NUESTRO CARISMA

Consiste en orar, vivir y trabajar intensamente para que el Hijo de Dios hecho hombre se encarne en nuestra existencia y en la de todos nuestros hermanos. Es decir que vivimos para que Cristo venga a reinar en la humanidad, haciendo que todos vean en nosotros su misma imagen y quieran también serlo con el testimonio veraz de sus vidas.

Recordemos la súplica de Sor Isabel de la Trinidad: “Oh, mi Cristo adorado, crucificado por amor! Quisiera ser una esposa para tu corazón. Quisiera glorificarte y amarte hasta morir de amor. Pero reconozco mi impotencia. Por eso, te pido que me revistas de Ti mismo, que identifiques mi alma con todos los sentimientos de tu alma, que me sumerjas en Ti y que me invadas; que, tu ser sustituya mi ser para que mi vida sea solamente una irradiación de tu propia vida. Ven a mí como Adorador, como Reparador y como Salvador”

Hace parte de nuestro carisma, adorar perpetuamente a Jesús sacramentado.

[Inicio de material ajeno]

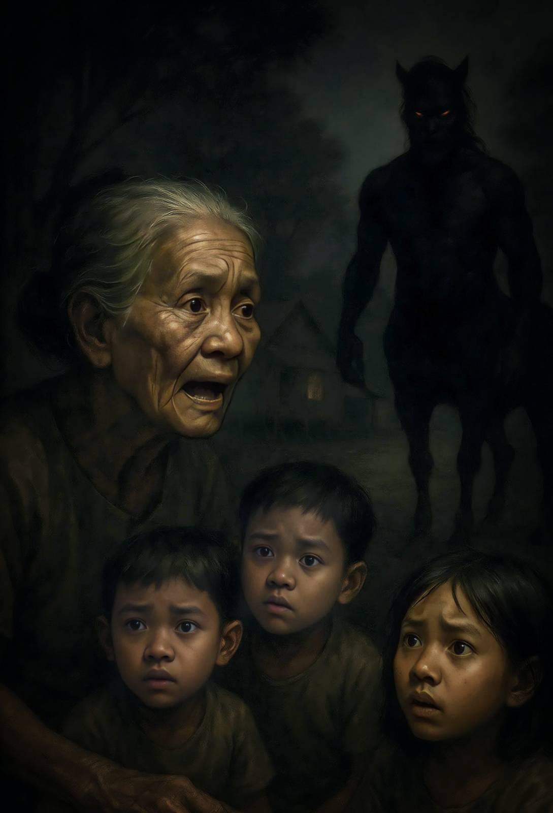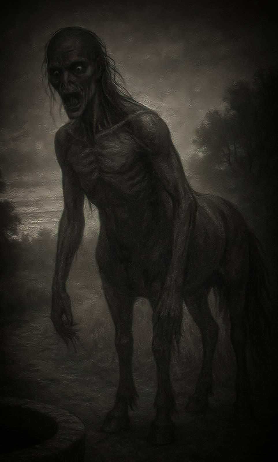 ยายน้อยรู้สึกโล่งใจ... แต่ในขณะที่มองออกไปทางบ่อน้ำ สายตาของยายน้อยก็ไปสะดุดเข้ากับเงาร่างสูงใหญ่ที่ยืนแฝงตัวอยู่ข้างต้นไม้ ตาสีแดงเรืองแสง ผิวดำสนิท ท่อนล่างเป็นขาของม้า... กำลังจ้องมาที่เธออย่างเงียบงัน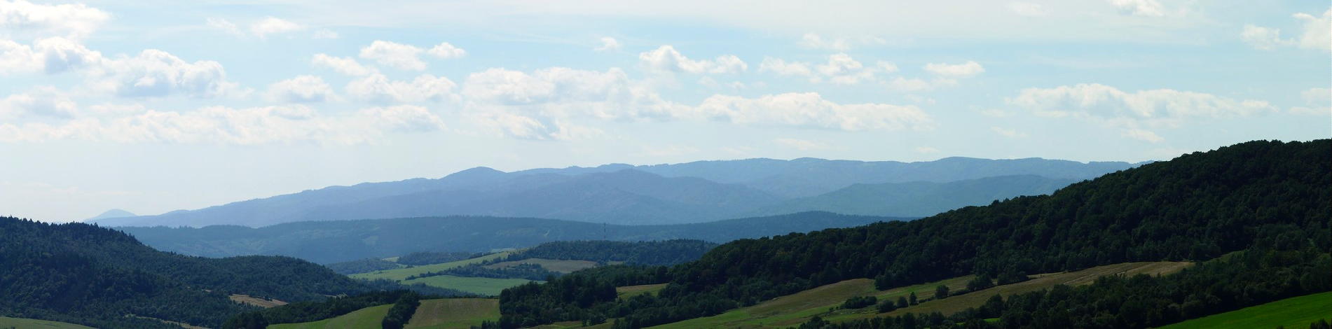 Widok z przełęczy między Hrbem a Płazinami na masyw Cergova

De día y de noche, las hermanas estamos en oración ante el Santísimo Sacramento, por medio de un horario en el que se organiza el tiempo de tal forma que en diferentes horas, cada una pueda tener el espacio de  adoración Eucarística.

La sagrada Familia de Nazareth, es el modelo más perfecto con el que nos identificamos para vivir a plenitud nuestro carisma, ya que en ella, está nuestro fin (Jesús), a quien debemos la amorosa obediencia de su palabra; en ella está María, en quien Él se encarnó y quien nos enseña a vivir siendo fiel discípula suya, (Mt 12, 47) y esta san José, quien nos señala el camino de la fe, de la esperanza y de la caridad que todo cristiano debe vivir para que sea llamado: hombre justo, como lo fue él. (Constituciones, 3)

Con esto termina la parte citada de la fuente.